This study investigates the effects of ertugliflozin, a sodium-glucose cotransporter 2 inhibitor (SGLT2i), on arrhythmic burden in patients with heart failure and reduced ejection fraction who have implantable cardioverter-defibrillators (ICDs) or cardiac resynchronization therapy devices (CRT-Ds). Despite early termination due to updated guideline recommendations, the results suggest a potential reduction in sustained ventricular arrhythmias with ertugliflozin treatment.
Study Design:
- Multicenter, double-blind, randomized, placebo-controlled trial
- Participants: Patients with heart failure (ejection fraction <50%) and ICD/CRT-D
- Intervention: Ertugliflozin 5 mg once daily vs. placebo
- Primary endpoint: Number of incident sustained (>30 seconds) ventricular tachycardia or ventricular fibrillation events from baseline to week 52
- Secondary endpoints: Non-sustained ventricular tachycardias, appropriate ICD therapies, changes in NTproBNP levels, heart failure hospitalizations
- Study terminated early with 46 patients enrolled (11% of planned sample size)
Key Findings:
- Primary endpoint: Yearly rate of sustained ventricular arrhythmias was significantly lower with ertugliflozin (3.5 events, 95% CI 2.8-4.4) compared to placebo (13.3 events, 95% CI 11.8-14.8)
- Rate ratio: 0.16 (95% CI 0.04-0.61, P<0.001)
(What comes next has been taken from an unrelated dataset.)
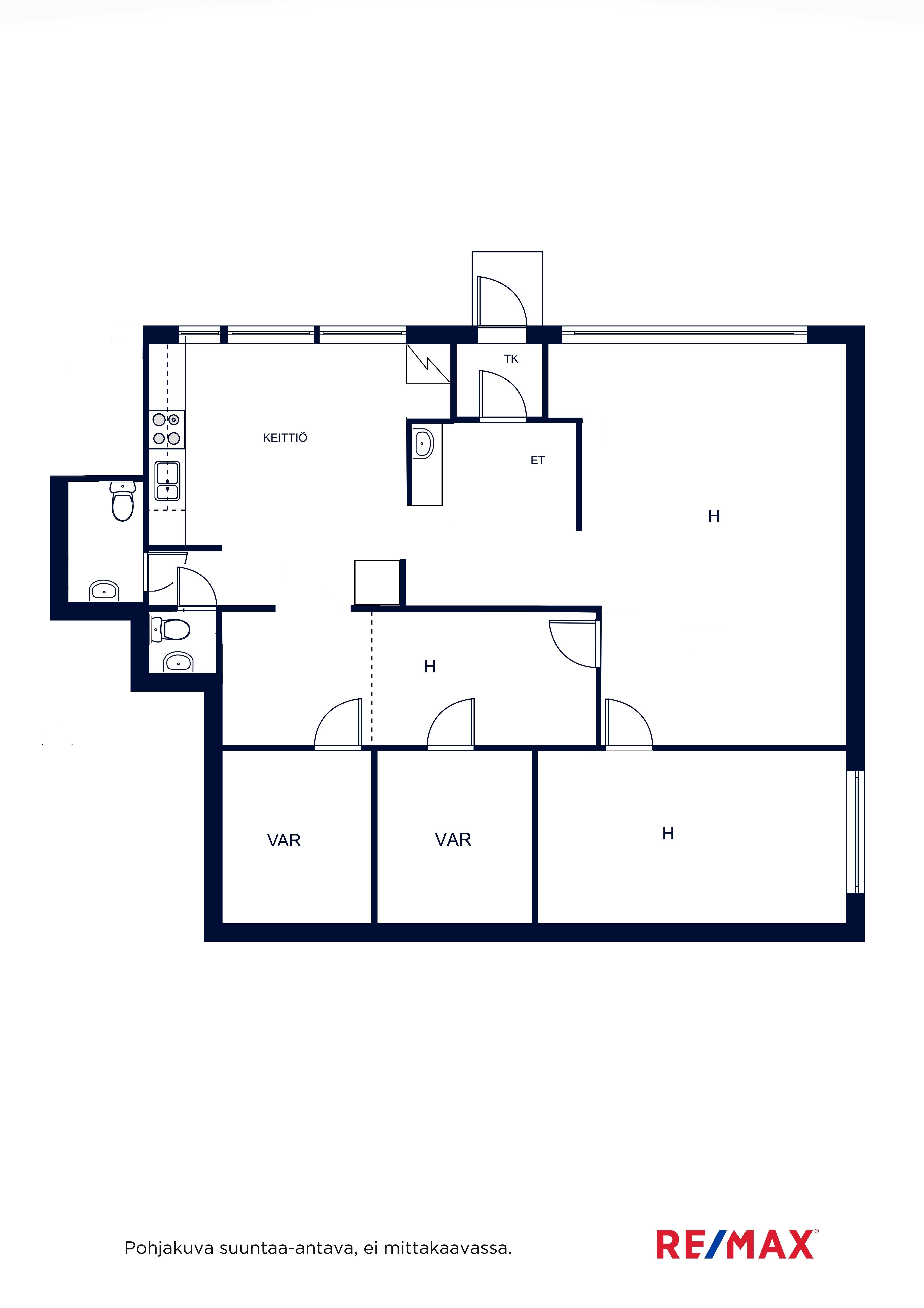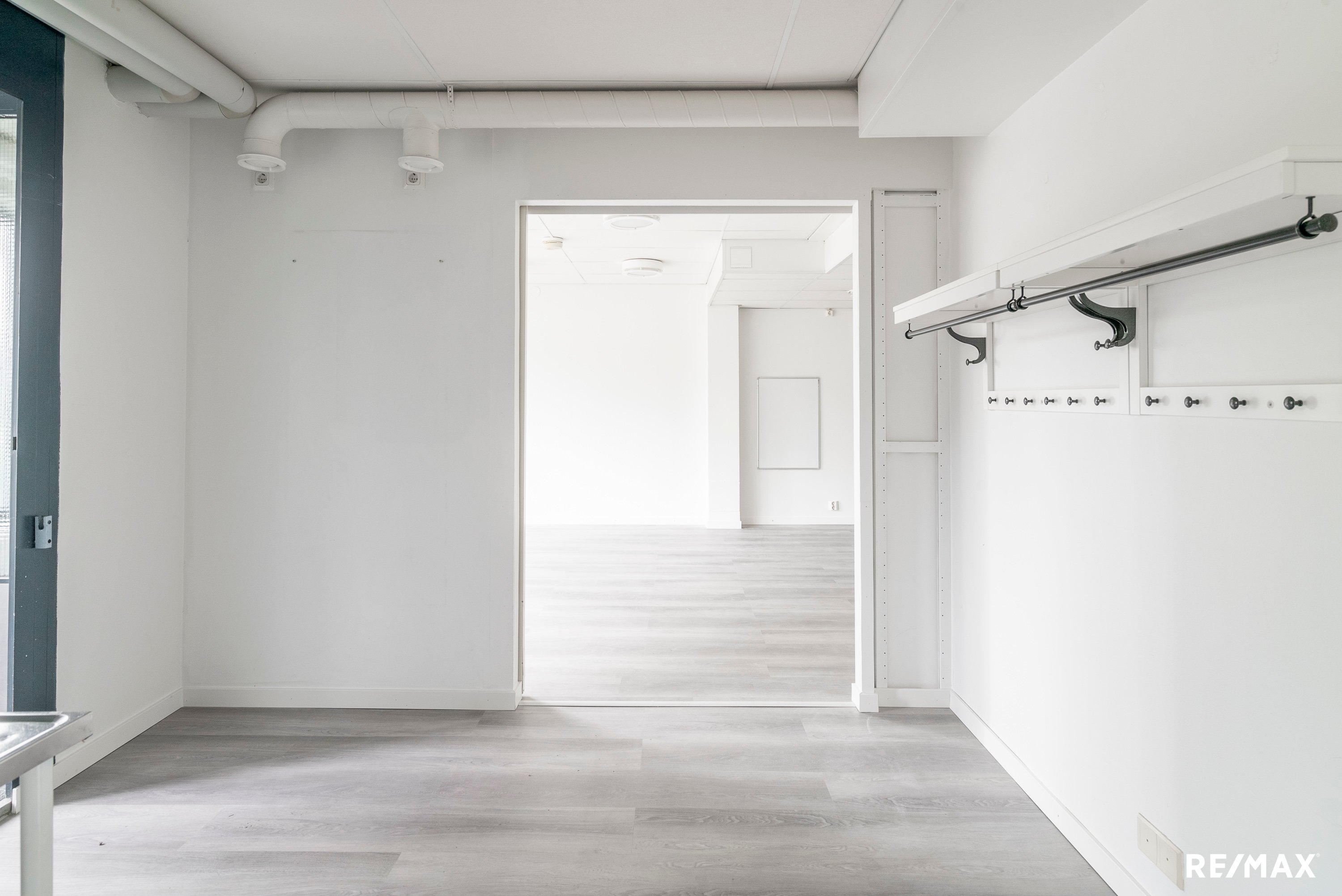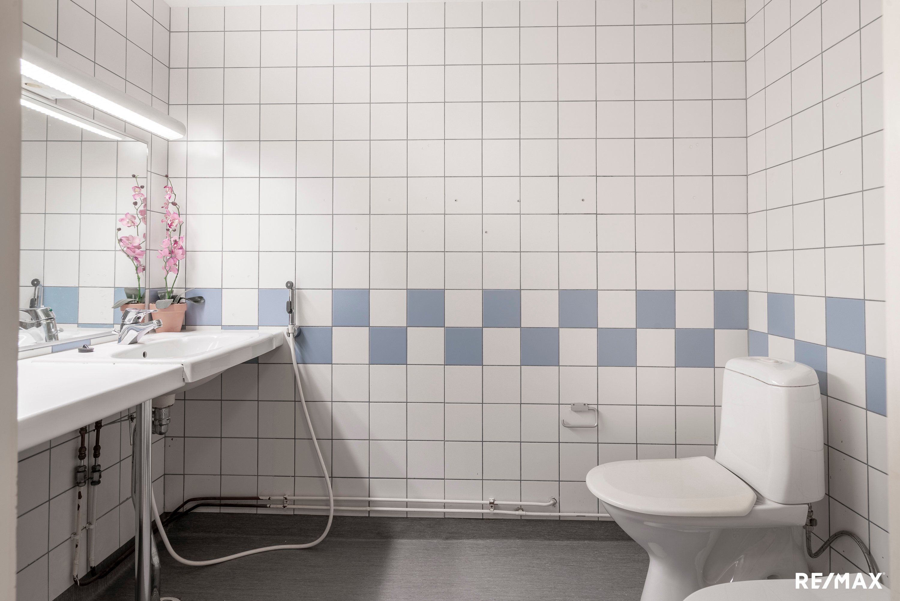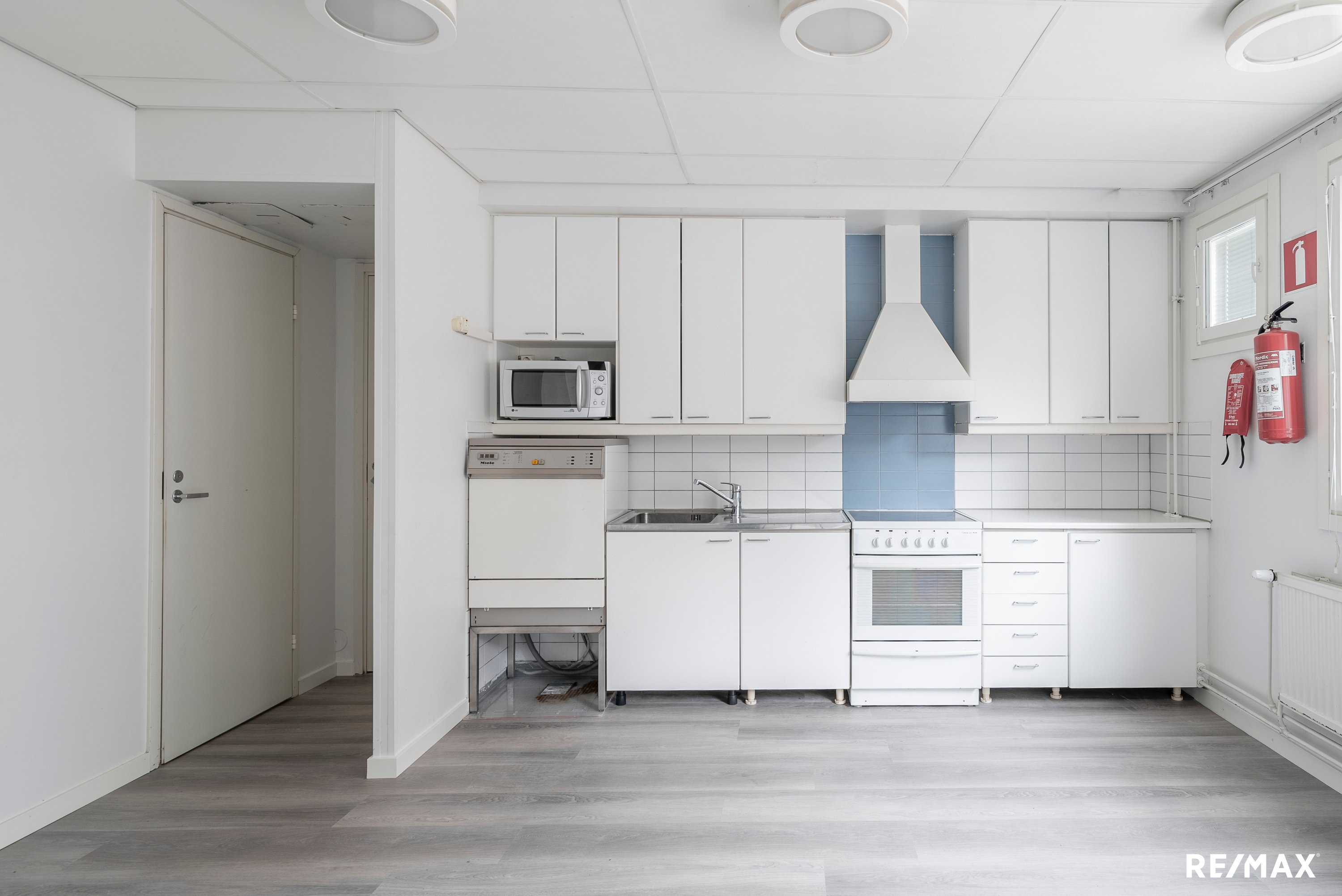 Liiketilassa on tilava keittiö, erillisiä huoneita, kaksi varastohuonetta sekä kaksi wc:tä.

- No apparent differences in secondary endpoints: appropriate ICD therapies, hospitalizations, NTproBNP levels
- No significant differences in predefined adverse and serious adverse events
HCN Medical Memo
ALthough these results are intriguing, the early termination and small sample size limit the study’s conclusions. Further research is needed to confirm the potential antiarrhythmic effects of SGLT2 inhibitors in heart failure patients. Clinicians should continue to follow current guidelines for SGLT2i use in heart failure management while staying informed about emerging evidence on their potential broader cardiovascular benefits.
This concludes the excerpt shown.